TASK DIRECTIONS
Once you find the line with "老人ホーム「オアシスケア喜界」と「ひまわり苑」を慰問!" in the entries below, print it and each line after it up to and including the line with "在庆祝新中国建立40周年盛大", exactly, without pictures.
Segment Start: RECORDS SUPPLIED
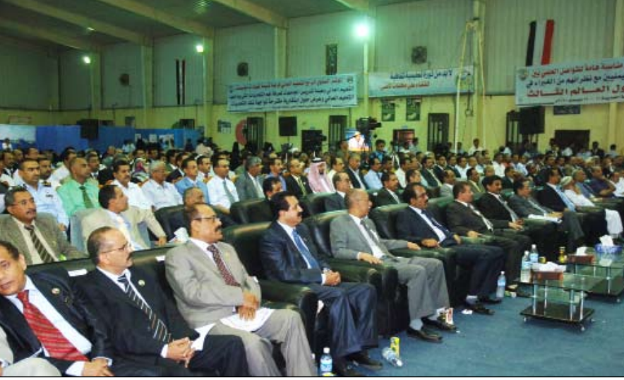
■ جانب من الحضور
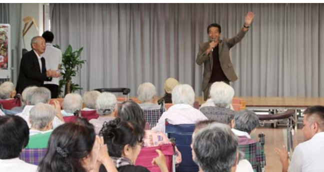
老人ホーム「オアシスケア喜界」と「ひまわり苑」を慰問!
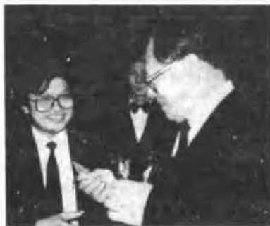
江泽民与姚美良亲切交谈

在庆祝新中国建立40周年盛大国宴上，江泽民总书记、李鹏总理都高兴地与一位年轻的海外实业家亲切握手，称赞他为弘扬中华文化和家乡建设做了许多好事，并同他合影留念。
Segment End: RECORDS SUPPLIED
Segment Start: RECORDS SUPPLIED
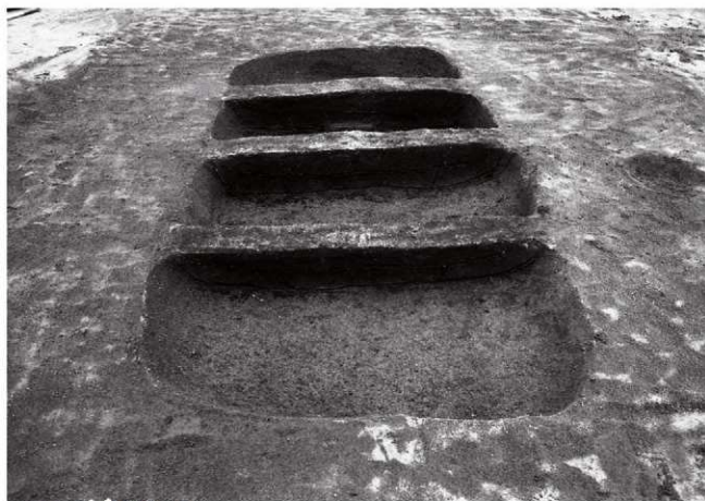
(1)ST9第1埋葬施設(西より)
Segment End: RECORDS SUPPLIED
Segment Start: RECORDS SUPPLIED
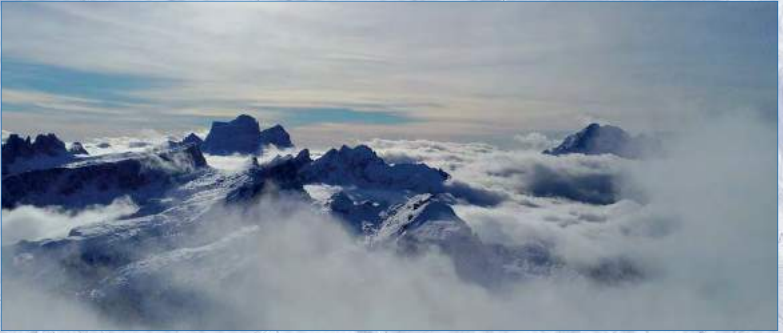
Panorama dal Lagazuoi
Segment End: RECORDS SUPPLIED
YOUR RESPONSE
老人ホーム「オアシスケア喜界」と「ひまわり苑」を慰問!
江泽民与姚美良亲切交谈

在庆祝新中国建立40周年盛大国宴上，江泽民总书记、李鹏总理都高兴地与一位年轻的海外实业家亲切握手，称赞他为弘扬中华文化和家乡建设做了许多好事，并同他合影留念。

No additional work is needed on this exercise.